Weil angesichts von Rekordtemperaturen in Japan die Klimaanlagen auf Hochtouren laufen, wird der Strom knapp.Der größte Versorger des Landes ruft zum Sparen auf, die Regierung will Stäbchen zu Biosprit verarbeiten lassen
Tokio. Nach einer anhaltenden Hitzewelle und der Abschaltung von Japans größtem Atomkraftwerk nach dem Erdbeben im Juli wird in der 20-Millionen-Metropole Tokio der Strom knapp. Der größte japanische Energiekonzern Tokyo Electric Power (Tepco) rief am Mittwoch Bürger und Firmen zum verstärkten Energiesparen auf. Erstmals seit 17 Jahren erließ das Unternehmen Notfallmaßnahmen um Stromausfällen vorzubeugen.
Die Temperaturen waren in der vergangenen Woche in Teilen Japans auf den Rekordwert von 40,9 Grad Celsius gestiegen. In Tokio kletterte das Thermometer am Mittwoch wieder auf 37 Grad Celsius, in Gunma nördlich der Hauptstadt wurden 38,5 Grad gemessen. Bislang starben in der Hitze mindestens 60 Menschen, vor allem ältere. Japanische Zeitungen veröffentlichten am Mittwoch das Bild eines kleinen Pandas, der in einem Tokioter Vorort-Zoo an einem Hitzschlag verendete.

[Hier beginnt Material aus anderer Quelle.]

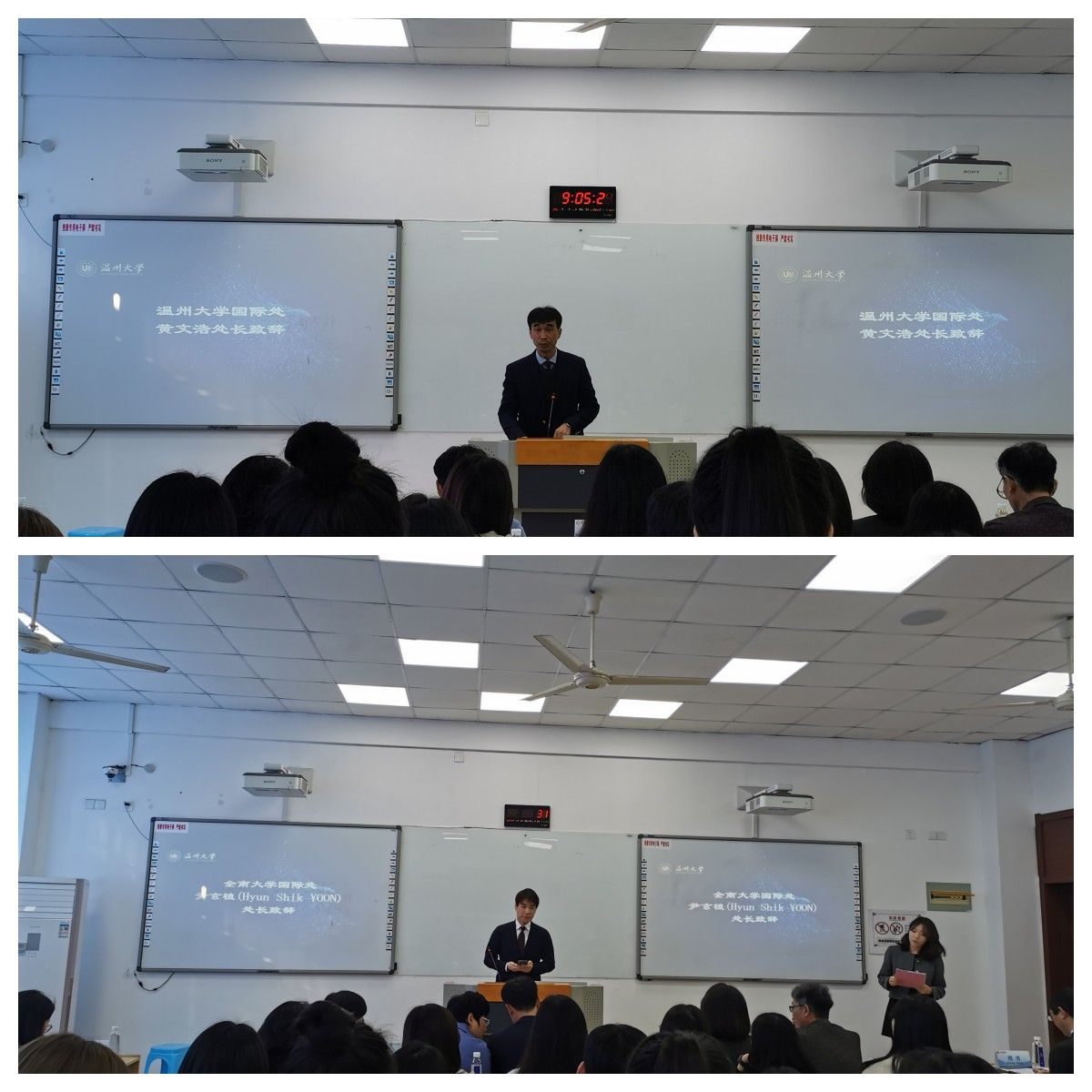 黄文浩处长和尹玄植处长先后致辞,双方均表示全南大学与det365官网网站的合作渊源已久,双方师生互动交流日益频繁,持续向深层次宽领域拓展,希望借助本次团组的开展能够开辟两校合作的新领域、新途径,并表达了对此次活动成功举办的期许。

Bei den Rekordtemperaturen laufen die Klimaanlagen in Büros und Haushalten seit Tagen auf Hochtouren. Japans Energiebedarf erreichte nach Angaben der Stromindustrie am Mittwoch die Rekordmarke von 3,42 Milliarden Kilowattstunden.
Tepco fürchtete, dass man nicht mehr ausreichend Energie liefern kann, wenn die Temperaturen weiterhin über 35 Grad bleiben. Das Unternehmen wies deshalb seine 23 größten Stromabnehmer an, ihren Energieverbrauch in den heißesten Stunden des Tages zu drosseln. Eine entsprechende Vertragsklausel erlaube dies, teilte ein Unternehmenssprecher mit. Der japanische Kaufhausverband schlug seinen Mitgliedern vor, die Klimaanlagen runterzufahren und in den Mittagspausen das Licht auszuschalten.
Bislang gehörte das weltgrößte Atomkraftwerk Kashiwazaki im Zentrum Japans mit einer jährlichen Produktion von 8212 Megawatt zu den wichtigsten Elektrizitätsproduzenten des Landes. Die Anlage war nach dem Erdbeben der Stärke 6,8 auf der Richter-Skala am 16. Juli jedoch stark beschädigt worden. Unter anderem war nach dem Beben radioaktives Wasser ins Meer gelaufen. Bis zum Abschluss einer Überprüfung haben die Behörden den Betrieb der Anlage untersagt. Japan gewinnt ein Drittel seiner Energie aus Atomkraft, um seine große Abhängigkeit von Energielieferungen aus dem Ausland zu verringern. Das Land verfügt über so gut wie keine eigenen natürlichen Energiequellen.
Den explosionsartigen Anstieg beim Stromverbrauch führte Tepco auch auf das Ende der Ferien in Japan zurück. Das Unternehmen erwartete, dass die Energie-Nachfrage weiter steigen wird. Zur Bekämpfung der Energieknappheit will die japanische Regierung auch die Millionen gebrauchter Ess-Stäbchen aus Holz, die jedes Jahr weggeworfen werden, künftig zu Biosprit verarbeiten lassen. Das Ministerium für Landwirtschaft und Fischerei plane, überall im Land Sammelboxen für die Stäbchen aufzustellen, kündigte ein Sprecher an. Die 127 Millionen Einwohner Japans benutzten im Schnitt 200 Paar Stäbchen pro Jahr, das wären 90 000 Tonnen Holz, rechnete das Ministerium vor.